◆ **Problem to solve**
The output is the lines below from the one with "Figyeld a jövő" through the one with "最後講一下運動的部份,運動偵測的部份支援 20 種室內/戶外活動,omthing", both included, printed exactly and with no other line.

◆ **Information provided**
--------------------
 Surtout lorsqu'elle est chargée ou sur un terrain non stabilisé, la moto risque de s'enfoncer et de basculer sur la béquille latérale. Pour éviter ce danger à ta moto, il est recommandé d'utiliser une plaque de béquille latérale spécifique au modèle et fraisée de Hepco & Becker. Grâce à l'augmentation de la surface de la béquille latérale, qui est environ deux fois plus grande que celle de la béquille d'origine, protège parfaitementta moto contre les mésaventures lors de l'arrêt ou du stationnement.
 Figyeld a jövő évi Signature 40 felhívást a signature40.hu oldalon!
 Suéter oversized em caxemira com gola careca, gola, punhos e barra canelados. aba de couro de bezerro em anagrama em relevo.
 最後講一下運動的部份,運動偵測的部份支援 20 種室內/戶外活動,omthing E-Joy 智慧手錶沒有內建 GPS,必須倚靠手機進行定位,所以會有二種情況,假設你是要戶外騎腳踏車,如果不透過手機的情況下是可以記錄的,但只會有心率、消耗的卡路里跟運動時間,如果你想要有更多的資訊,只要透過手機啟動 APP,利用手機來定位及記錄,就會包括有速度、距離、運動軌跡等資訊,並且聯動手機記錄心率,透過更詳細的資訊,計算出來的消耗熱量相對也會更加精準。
--------------------
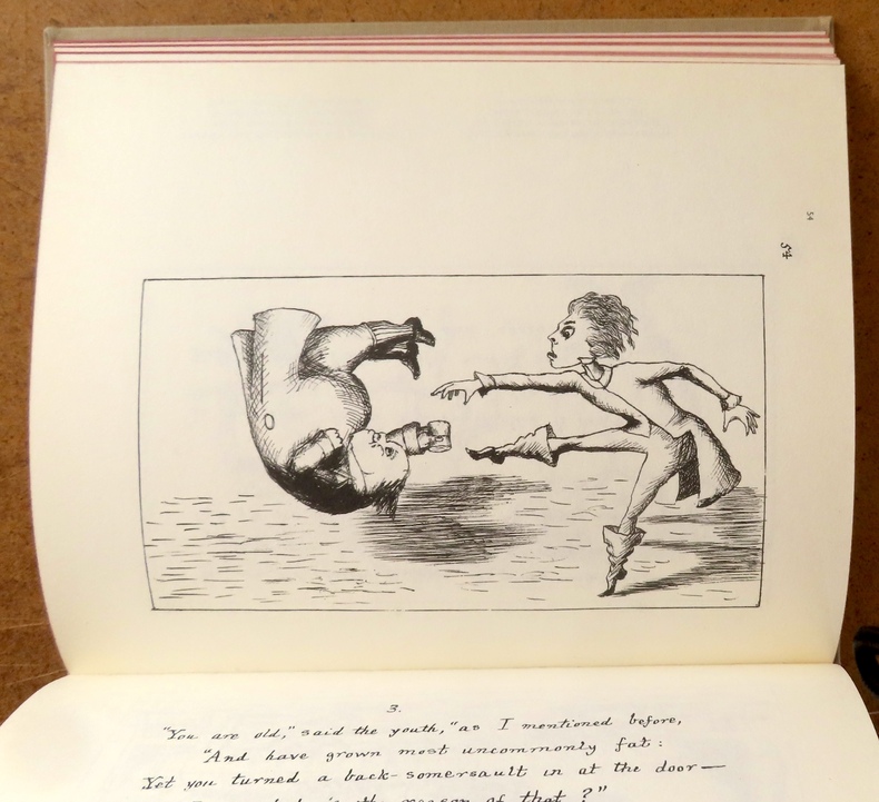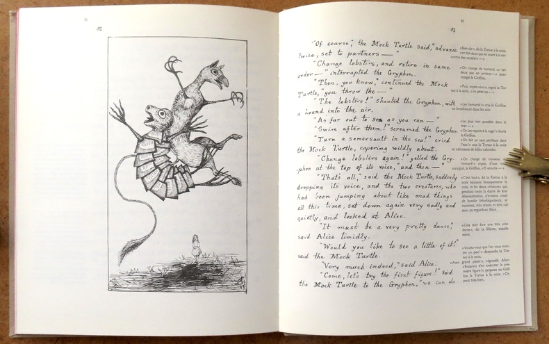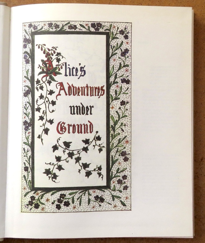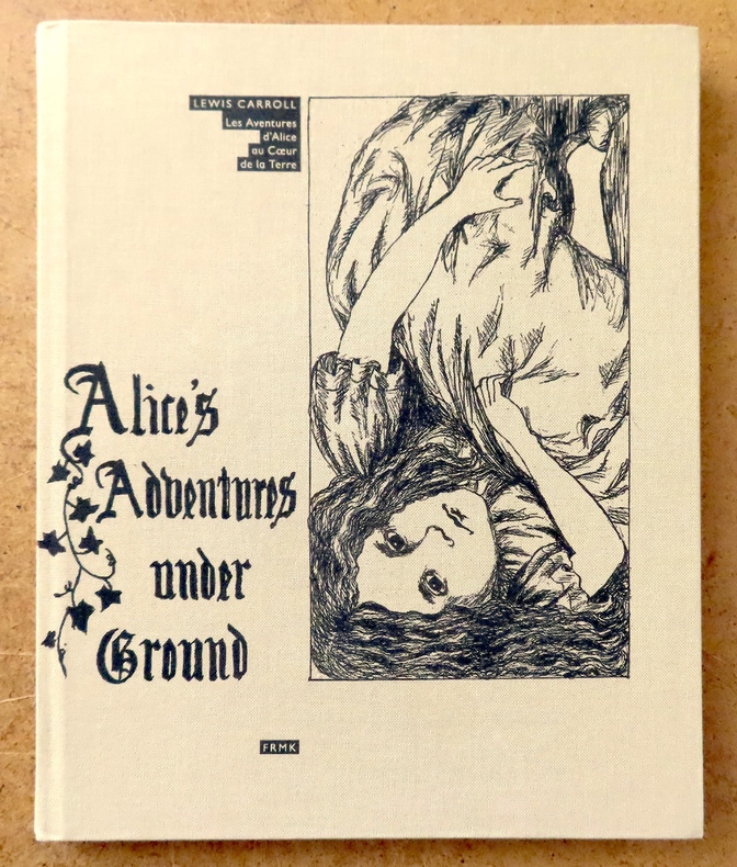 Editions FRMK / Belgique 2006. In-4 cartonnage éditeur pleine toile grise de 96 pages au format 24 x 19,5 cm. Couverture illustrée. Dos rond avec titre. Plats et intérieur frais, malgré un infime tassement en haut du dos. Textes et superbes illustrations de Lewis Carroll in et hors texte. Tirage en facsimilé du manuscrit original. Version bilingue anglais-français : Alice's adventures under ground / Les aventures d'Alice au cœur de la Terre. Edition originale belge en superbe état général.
--------------------
◆ **Answer to this problem**
 Figyeld a jövő évi Signature 40 felhívást a signature40.hu oldalon!
 Suéter oversized em caxemira com gola careca, gola, punhos e barra canelados. aba de couro de bezerro em anagrama em relevo.
 最後講一下運動的部份,運動偵測的部份支援 20 種室內/戶外活動,omthing E-Joy 智慧手錶沒有內建 GPS,必須倚靠手機進行定位,所以會有二種情況,假設你是要戶外騎腳踏車,如果不透過手機的情況下是可以記錄的,但只會有心率、消耗的卡路里跟運動時間,如果你想要有更多的資訊,只要透過手機啟動 APP,利用手機來定位及記錄,就會包括有速度、距離、運動軌跡等資訊,並且聯動手機記錄心率,透過更詳細的資訊,計算出來的消耗熱量相對也會更加精準。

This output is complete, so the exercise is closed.